O Ibovespa, índice que afere a variação das ações das principais empresas de capital aberto, deve ter acumulado, até ontem, queda próxima a 5,4%, depois de ter experimentado salto de praticamente 9,0% em outubro. Medido em pontos, o índice estaria muito próximo dos níveis registrados ao final de agosto e setembro e ainda levemente acima daqueles observados em novembro do ano passado. Mas, dizem os mercados, numa retórica reforçada irresponsavelmente pelo ministro dos paraísos fiscais, as ações caem e o dólar sobe porque os “investidores” temem que o governo não consiga pagar o que deve aos donos da dívida pública (que são os mesmos donos do dinheiro), já que a equipe de transição do presidente eleito tem planos de rever o “teto de gastos” e implantar nova política fiscal, que permita incluir os mais pobres e vulneráveis no orçamento da União.

Balanço

  • Como mostraram os economistas José Luís Loureiro, Luiz Fernando de Paula, Luiz Carlos Bresser-Pereira, Kalinka Martins e Luiz C. Magalhães, em artigo recente, publicado pelo jornal Folha de S.Paulo, o temor de um “calote” na dívida pública não parece fazer parte do cardápio de expectativas do investidor estrangeiro – o que aparece claramente quando avaliado o comportamento do chamado “risco Brasil”.

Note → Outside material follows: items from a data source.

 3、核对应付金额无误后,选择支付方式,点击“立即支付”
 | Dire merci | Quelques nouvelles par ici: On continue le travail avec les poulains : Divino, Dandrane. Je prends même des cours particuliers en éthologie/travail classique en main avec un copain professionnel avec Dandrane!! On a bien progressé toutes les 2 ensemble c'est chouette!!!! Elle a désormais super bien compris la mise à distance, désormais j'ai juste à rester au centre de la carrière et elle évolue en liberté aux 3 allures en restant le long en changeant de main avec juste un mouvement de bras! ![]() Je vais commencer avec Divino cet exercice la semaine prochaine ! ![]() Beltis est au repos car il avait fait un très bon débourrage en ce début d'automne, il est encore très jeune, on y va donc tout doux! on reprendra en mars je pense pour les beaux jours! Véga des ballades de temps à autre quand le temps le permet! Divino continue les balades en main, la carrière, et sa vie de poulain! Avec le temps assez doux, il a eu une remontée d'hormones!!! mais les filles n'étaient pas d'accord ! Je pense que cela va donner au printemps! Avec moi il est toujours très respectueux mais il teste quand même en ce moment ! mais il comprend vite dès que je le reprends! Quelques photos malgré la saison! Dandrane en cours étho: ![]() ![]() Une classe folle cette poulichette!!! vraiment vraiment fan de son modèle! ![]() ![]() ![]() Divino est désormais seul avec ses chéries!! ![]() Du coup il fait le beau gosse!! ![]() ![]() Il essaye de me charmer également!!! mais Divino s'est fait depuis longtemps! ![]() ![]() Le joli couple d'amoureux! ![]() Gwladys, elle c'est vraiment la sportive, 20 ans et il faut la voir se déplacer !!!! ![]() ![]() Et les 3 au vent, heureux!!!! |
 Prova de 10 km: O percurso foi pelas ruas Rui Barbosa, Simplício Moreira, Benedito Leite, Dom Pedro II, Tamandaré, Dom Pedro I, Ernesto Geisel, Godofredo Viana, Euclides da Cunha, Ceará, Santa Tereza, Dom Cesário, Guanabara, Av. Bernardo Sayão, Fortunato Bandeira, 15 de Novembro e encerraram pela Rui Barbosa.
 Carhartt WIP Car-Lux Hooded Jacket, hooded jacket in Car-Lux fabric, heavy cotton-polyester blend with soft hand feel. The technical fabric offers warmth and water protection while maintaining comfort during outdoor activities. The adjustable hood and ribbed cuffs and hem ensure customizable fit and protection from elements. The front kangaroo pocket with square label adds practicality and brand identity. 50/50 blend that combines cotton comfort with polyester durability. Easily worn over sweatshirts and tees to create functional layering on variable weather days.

  • Além do mais, acrescentaram eles, trata-se de uma “falácia” considerar o teto de gastos como uma política fundamental para atingir a tal “estabilidade fiscal”, até porque o governo que se encerra em 1º de janeiro estourou em R$ 795,0 bilhões os limites fixados pela chamada “lei do teto” em seus quatro anos de mandato, dos quais R$ 233,4 bilhões terão sido gastos em excesso apenas em 2021 e neste ano.
  • Medido pelo indicador EMBi+, criado pelo JP Morgan para avaliar os riscos embutidos nos papéis emitidos por governos emergentes, o “risco Brasil” experimentou queda de 27,93% entre meados de julho e o último dia 18 deste mês, segundo acompanhamento do Ipeadata. O índice saiu de 376 para 271 pontos base, quer dizer, a taxa adicionada aos títulos da dívida brasileira por conta do temor de uma eventual incapacidade de pagamento do governo estava em baixa.

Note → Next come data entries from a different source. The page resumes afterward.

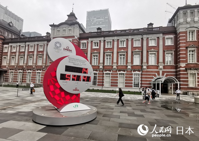 7月9日,東京站前的奧運會開幕式倒計時電子鐘。(吳穎 攝)
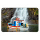 A fishing boat pictured against the backdrop of a waterfall; Quintupeu Fjord, Northern Patagonia, Chile - a beautiful corner of South America where the Andes plunge into the Pacific Ocean. [Our travel photography and designs are available as gifts for the home, cards, jigsaw puzzles, wall art and more]
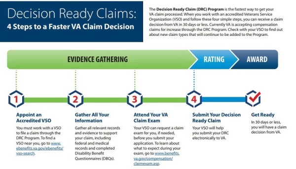Currently, veterans can submit a claim with little additional paperwork, which places the impetus on the VA to collect the required documents, schedule any necessary exams, and generally, do most of the heavy lifting. Under the Decision Ready Claims process, veterans can opt to do that legwork themselves ahead of time.
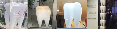 むしろ数もバリエーションも豊富なのは奥歯のシルエットを描いた二次元のディスプレイだ。
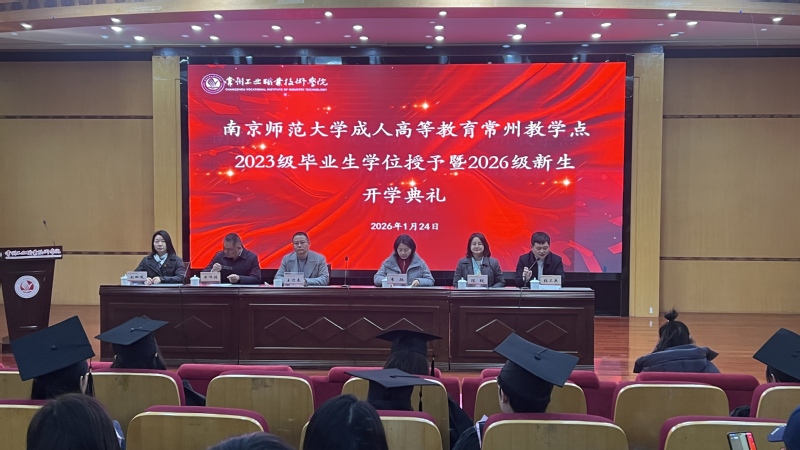2026年1月24日上午,南京师范大学成人高等教育常州工业职业技术学院教学点2023级毕业生学位授予暨2026级新生开学典礼在我校隆重举行。常州工业职业技术学院党委委员、组织部部长王迎春,南京师范大学继续教育学院成教办主任李敏,常州工业职业技术学院继续教育管理处处长黄伟福,旅游与康养学院党总支书记陈纯、院长刘加凤与2023级学位获得者、2026级新生齐聚一堂,共同见证这一荣耀与希望典礼。本次典礼由张卫兵主持。

  • Esse “adicional de risco” significava que a dívida brasileira estava sendo negociada no mercado com a taxas em torno de 2,71 pontos percentuais acima daquelas aplicadas aos títulos da dívida dos Estados Unidos. Ao final dos dez primeiros dias de junho do ano passado, aquele diferencial havia sido de 3,89 pontos percentuais.
  • O índice registrado em 18 de novembro deste ano não era muito diferente daquele registrado no primeiro dia útil do governo eleito em 2018. Em 3 de janeiro de 2019, o índice EMBi+ estava em 275 pontos. Os mercados, lá fora pelo menos, não parecem motivados o suficiente para acompanhar o frenesi gerado aqui dentro em torno do teto de gastos, reconhecendo sua baixa efetividade para assegurar qualquer forma de estabilidade fiscal, de resto alcançada às custas de receitas extraordinárias, que não se repetirão no futuro, achatamento de despesas com servidores, congelamento do salário mínimo em termos reais, corte vertical nos investimentos do setor público, incluindo o governo federal e suas estatais.
  • As receitas cresceram muito acima do que sugere a variação nominal do Produto Interno Bruto (PIB) neste ano, favorecidas pelo aumento do pagamento de lucros e dividendos, especialmente no caso da Petrobrás, e ainda pela alta dos preços das commodities, gerando ganhos extras no recolhimento de contribuições sobre a exploração de recursos minerais (petróleo e minério de ferro, destacadamente).
  • Segundo o economista Sergio Gobetti, pesquisador do Instituto de Pesquisa Econômica Aplicada (Ipea), as receitas federais foram favorecidas pelo “maior aumento de preços de bens sujeitos e maior carga tributária” e pelo “boom nos preços do petróleo, combinado com desvalorização cambial”. Nenhum daqueles movimentos teve qualquer relação com a política econômica em curso (ou sua ausência, parece mais correto dizer), mas responderam por alguma coisa perto de dois terços do superávit primário acumulado nos 12 meses finalizados em setembro deste ano.